Model Evaluation and Model Validation

Once the model is built, the next step is to evaluate and validate the model. Model Evaluation is an essential part of the model development process . It is used to test the final performance of the algorithm and is done on the test set. Also, it helps to find the best model that represents your data and how well the chosen model will work in the future. Model validation is the set of processes and activities intended to confirm that models are performing as expected. Effective validation helps you to ensure that models are sound. Also, it identifies potential limitations and speculations, and assesses their possible impact. There are multiple measures that can be used to find out how good a regression model is predicting or how good a classifier is classifying the data. Key terms and concepts:

Model Evaluation and Model  Validation

R-squared (R2)

The coefficient of determination R2 (R-squared) is a statistical measure in a regression model that explains to what extent the percentage of variance of one variable explains the variance of the second variable.

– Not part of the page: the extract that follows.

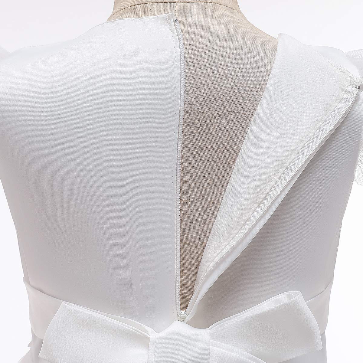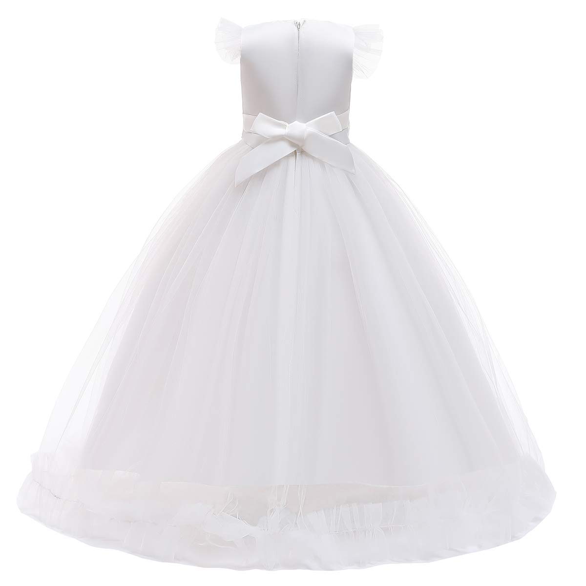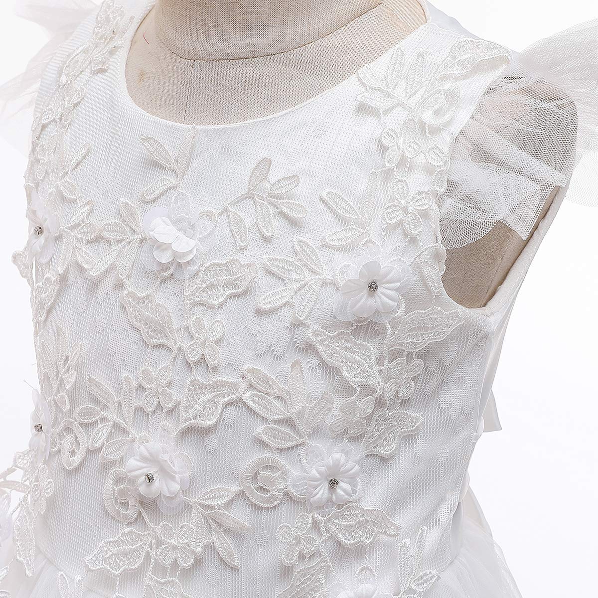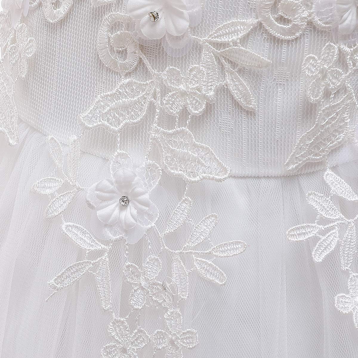 Mesh spliced bodies with soft lining, adds ruffled tulle details at sleeve, tops embellished with beautiful flower, faux rhinestone and embroidered patchwork at front,Designed with concealed zip-back fastening, the sashes are attached at the side seams and can be tied a bowknot at back.This dress contains 2 layers tulle, 2 layers soft lining, and 1 layer netting attached on the innermost fabric adds to a fuller look

R-squared = Explained variation / Total variation

It measures the strength of the relationship between your model and the dependent variable on a convenient (0 – 100%) scale.

Adjusted R Squared (Adj R2)

The Adjusted R-squared is a modified version of R-squared that measures the proportion of variation explained by only those independent variables that really help in explaining the dependent variable. It takes into account the number of independent variables used for predicting the target variable . It has been adjusted for the number of predictors in the model. It increases when the new term improves the model more than would be expected by chance while it decreases when a predictor improves the model by less than expected.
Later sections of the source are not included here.